Work

For moving objects, the quantity of work/time (power) is integrated along the trajectory of the point of application of the force. Thus, at any instant, the rate of the work done by a force (measured in joules/second, or watts) is the scalar product of the force (a vector), and the velocity vector of the point of application. This scalar product of force and velocity is known as instantaneous power. Just as velocities may be integrated over time to obtain a total distance, by the fundamental theorem of calculus, the total work along a path is similarly the time-integral of instantaneous power applied along the trajectory of the point of application.

Work is the result of a force on a point that follows a curve X, with a velocity v, at each instant. The small amount of work δW that occurs over an instant of time dt is calculated as

\delta W=\mathbf {F} \cdot d\mathbf {s} =\mathbf {F} \cdot \mathbf {v} dt

where the F ⋅ v is the power over the instant dt. The sum of these small amounts of work over the trajectory of the point yields the work,

W=\int _{t_{1}}^{t_{2}}\mathbf {F} \cdot \mathbf {v} dt=\int _{t_{1}}^{t_{2}}\mathbf {F} \cdot {\tfrac {d\mathbf {s} }{dt}}dt=\int _{C}\mathbf {F} \cdot d\mathbf {s} ,

where C is the trajectory from x(t₁) to x(t₂). This integral is computed along the trajectory of the particle, and is therefore said to be path dependent.

If the force is always directed along this line, and the magnitude of the force is F, then this integral simplifies to

W=\int _{C}F\,ds

where s is displacement along the line. If F is constant, in addition to being directed along the line, then the integral simplifies further to

W=\int _{C}F\,ds=F\int _{C}ds=Fs

where s is the displacement of the point along the line.

This calculation can be generalized for a constant force that is not directed along the line, followed by the particle. In this case the dot product F ⋅ ds = F cos θ ds, where θ is the angle between the force vector and the direction of movement, that is

W=\int _{C}\mathbf {F} \cdot d\mathbf {s} =Fs\cos \theta .

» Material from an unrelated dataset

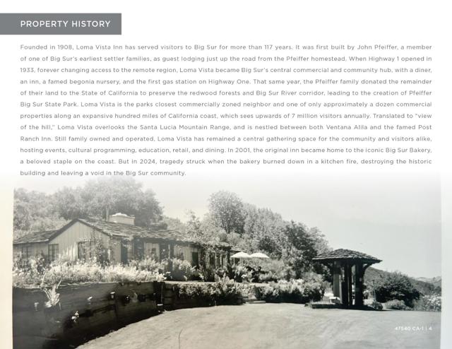 Located at 47540 Highway 1 in Big Sur, California lies the iconic Loma Vista Inn & Gardens. This commercial zoned property is 3.49 acres and consists of an operating Shell gas station (business included in sale), multiple retail storefronts (month to month leases), and a quintessential Big Sur wedding venue (business included in sale). For decades, there was a restaurant on the property, but that building was burned down in 2024. That structure was removed and a gravel pad remains today. This opportunity allows for a Buyer to continue running the gas station and wedding venue business, lease out the property, rebuild the restaurant building or redevelop the property entirely.

When a force component is perpendicular to the displacement of the object (such as when a body moves in a circular path under a central force), no work is done, since the cosine of 90° is zero. Thus, no work can be performed by gravity on a planet with a circular orbit (this is ideal, as all orbits are slightly elliptical). Also, no work is done on a body moving circularly at a constant speed while constrained by mechanical force, such as moving at constant speed in a frictionless ideal centrifuge.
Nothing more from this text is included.